Alternatively, you may use PyTorch on ONNX to run the model. First, embed 128um x 128um patches using CTransPath. Then pass the bag of embeddings to the model.

```python
import onnxruntime as ort
import numpy as np
embedding = np.ones((1_000, 768), dtype="float32")
ort_sess = ort.InferenceSession("model.onnx")
logits, attention = ort_sess.run(["logits", "attention"], {'input': embedding})
```

## Model performance

The model achieved an AUROC of 0.85 on the full test set.
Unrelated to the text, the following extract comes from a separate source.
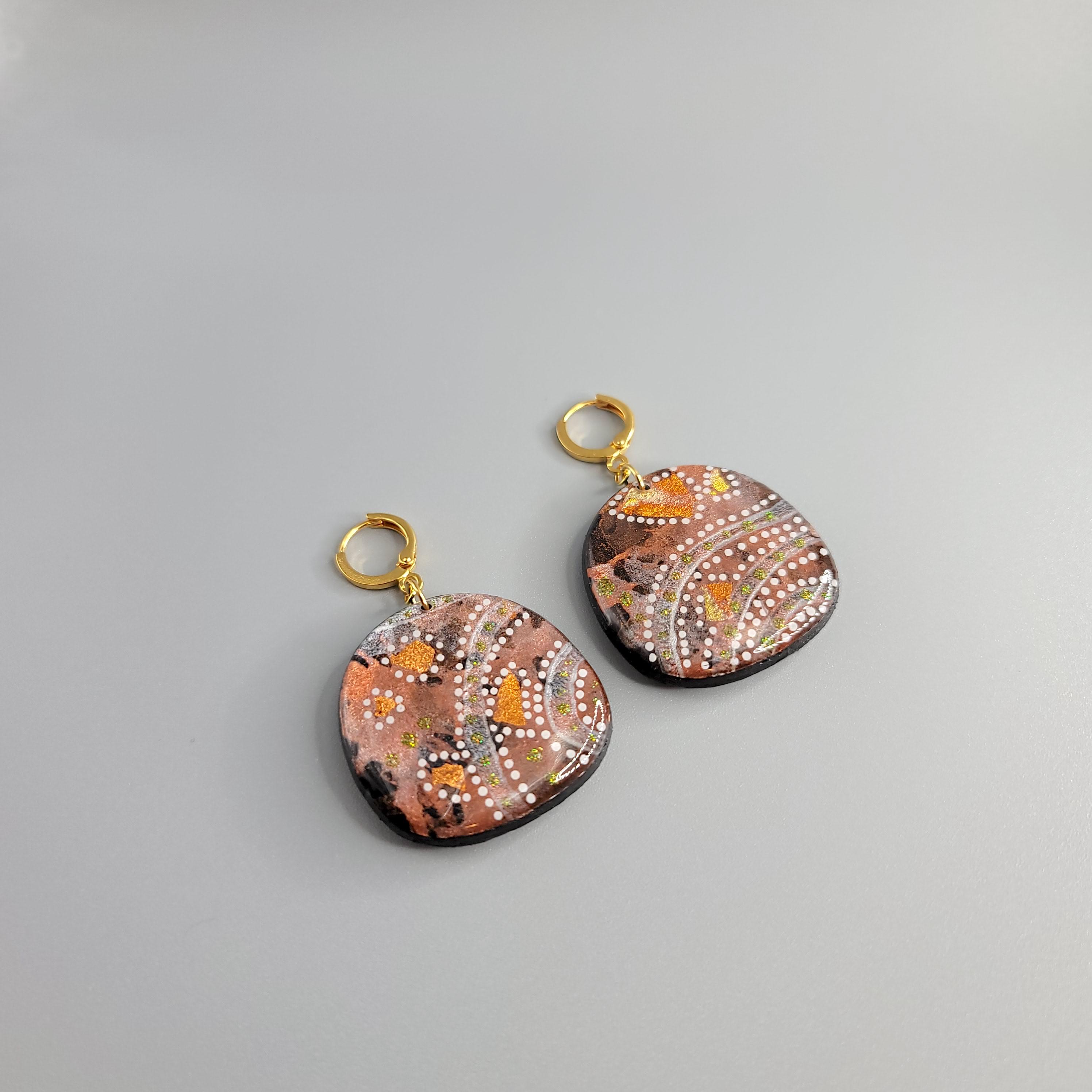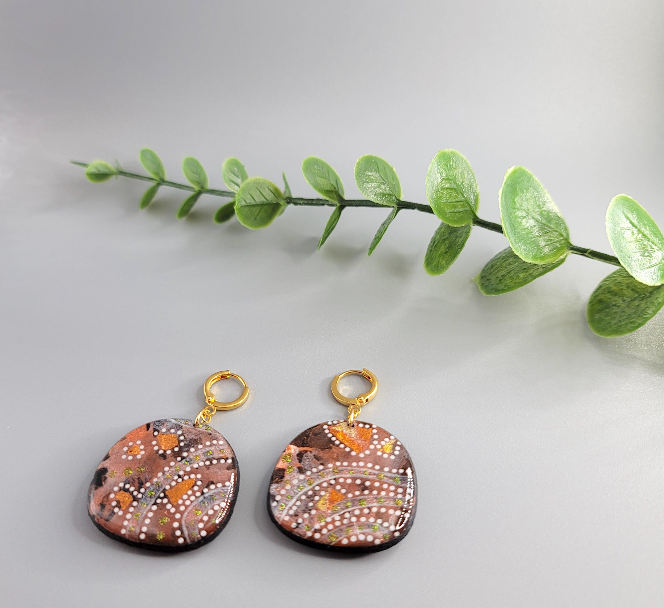 The earrings are crafted using Polymer Clay, metallic foil, alcohol inks and acrylic pait. Both sides of the earrings are coated with UV resin.

Here are the AUROC values per TCGA study. NaN values are present wherever there was only a single class present in the ground truth labels.

- ACC: 0.750
- BLCA: 0.597
- BRCA: 0.862
- CESC: 0.562
- COADREAD: 0.742
- ESCA: 0.643
- GBM: 0.792
- HNSC: 0.599
- KIRC: 1.000
- KIRP: nan
- LGG: 0.763
- LIHC: 0.769
- LUAD: 0.842
- LUSC: 0.610
- OV: 0.708
- PAAD: 0.787
- PCPG: nan
- PRAD: 0.657
- SARC: 0.762
- SKCM: 0.722
- STAD: 0.716
- TGCT: nan
- THCA: nan
- THYM: nan
- UCEC: 0.825

# Intended uses

This model is ONLY intended for research purposes.

**This model may not be used for clinical purposes.** This model is distributed without warranties, either express or implied.